1. Theme: Point Pattern Analysis
2. Abstract
To help bridge the gap between geospatial analysis and ease of use, Spatial Pointers is created to aid non-technical users with a specific type of geospatial analysis: Point Pattern Analysis.
Our application will assist users with two kinds of Point Pattern Analysis: Spatial Point Patterns Analysis and Network-Constrained Point Patterns Analysis. Spatial Point Patterns Analysis is helpful in finding out whether the input dataset point distribution resembles spatial randomness or regular/clustered pattern; or whether two input dataset point distributions are dependent on each other. Network-Constrained Point Patterns Analysis is helpful in finding out whether the distribution of spatial point events occurring on or alongside networks resembles spatial randomness or regular/clustered pattern.
For each analysis, our application is able to provide users with kernel density maps of the input spatial point datasets and conduct various hypothesis tests to derive statistical conclusions on the distributions of datasets.
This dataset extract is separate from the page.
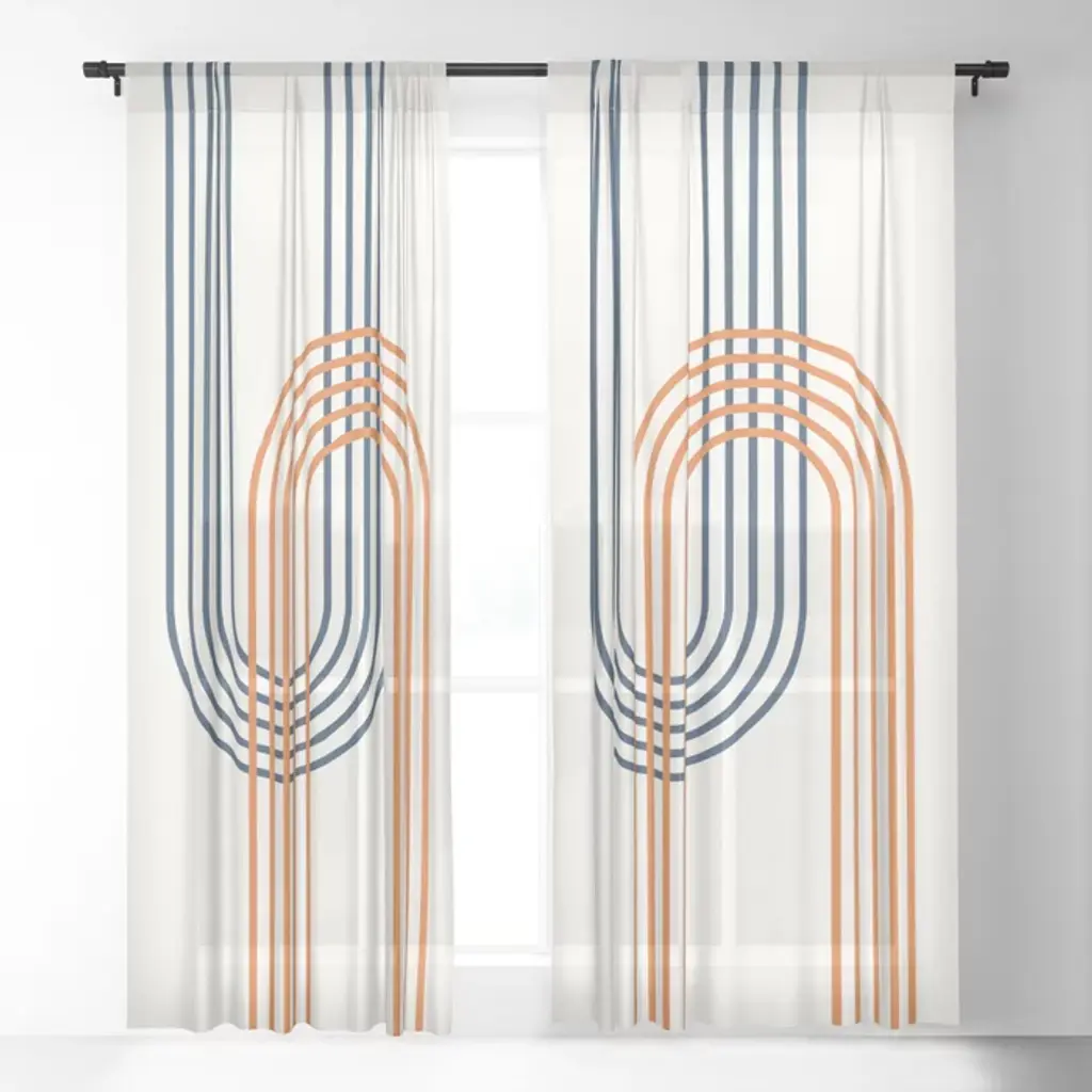Geometric Lines Rainbow Abstract 5.1 In Navy Blue And Orange Curtain

To illustrate the functions of our application, we will input examples for the two types of analysis. For Spatial Point Patterns Analysis, we would like to uncover whether McDonald’s outlets in Singapore are distributed randomly and if not, what are the factors that affect the outlets’ location. For Network-Constrained Point Patterns Analysis, we inputted data sets of various point events (e.g. Childcare Centres) in Punggol, Singapore and several chosen secondary factors in the same study area. Through this, we can investigate whether the point events (e.g. Childcare Centres) in Punggol, Singapore is distributed randomly and if not, what are the secondary factors (e.g. Bus Stops) that affect their locations.
3. Problem & Motivation
Countless data sources exist in the form of spatial data, with geographic elements such as the shape, size or location of the features. Such spatial data could be analysed to generate useful insights or drive insightful decisions such as planning locations of facilities and understanding more about Ecology.
However, not many people are technically trained to do such spatial analysis. Additionally, the only way for them to improve their breadth and depth of knowledge pertaining to this area is limited to online resources. Without proper foundation, any analysis done could be highly inaccurate as well.
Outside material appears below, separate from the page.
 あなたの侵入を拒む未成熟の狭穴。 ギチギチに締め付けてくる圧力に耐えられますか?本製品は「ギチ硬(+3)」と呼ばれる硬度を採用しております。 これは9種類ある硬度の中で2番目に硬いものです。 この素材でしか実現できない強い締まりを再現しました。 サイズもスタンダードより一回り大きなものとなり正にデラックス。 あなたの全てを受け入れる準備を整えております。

Therefore, our main focus is to develop a web-based geospatial analytical tool dedicated to Point Pattern Analysis, with two methods available for use.
Through this geospatial application, we hope to give pointers to and allow users to conduct Point Pattern Analysis for their selected data with ease, regardless of their technical background. Hence, the name Spatial Pointers is given for our application.
4. Project Objectives
In this project, we would like to create an analytical application that enables users to:
- Better understand the capabilities and use cases of Point Pattern Analysis
- Conduct Spatial Point Patterns Analysis (Kernel density estimation and G/F/Cross-L functions)
- Conduct Network-Constrained Point Patterns Analysis (Point density estimation and K/Cross-K functions)
- Use insights derived from the analysis for better decision making
5. Main Features
The main features of the analytical tools are:
a. Spatial Point Patterns Analysis
- Filters
- Different Variables for Analysis
- Various Bandwidth Selection Methods
- Various Kernel Methods
- Various Statistical Functions
- Sliders
- For Fixed Bandwidth Selection Method
- Number of Simulations
b. Network-Constrained Point Patterns Analysis
- Filters
- Various Kernel Methods
- NKDE Calculation Methods
- Sliders
- Number of Simulations
- Input Data Function
- Fixed Data Structure
- Graph Interpretation Function
- Helps Interpret Results
6. Data Sources
The following datasets will be used as sample use cases:
Spatial Point Patterns Analysis
Network-Constrained Point Patterns Analysis
- Road Network of Punggol, Singapore (Taken from Professor Kam Tin Seong from a previous Hands-on Exercise)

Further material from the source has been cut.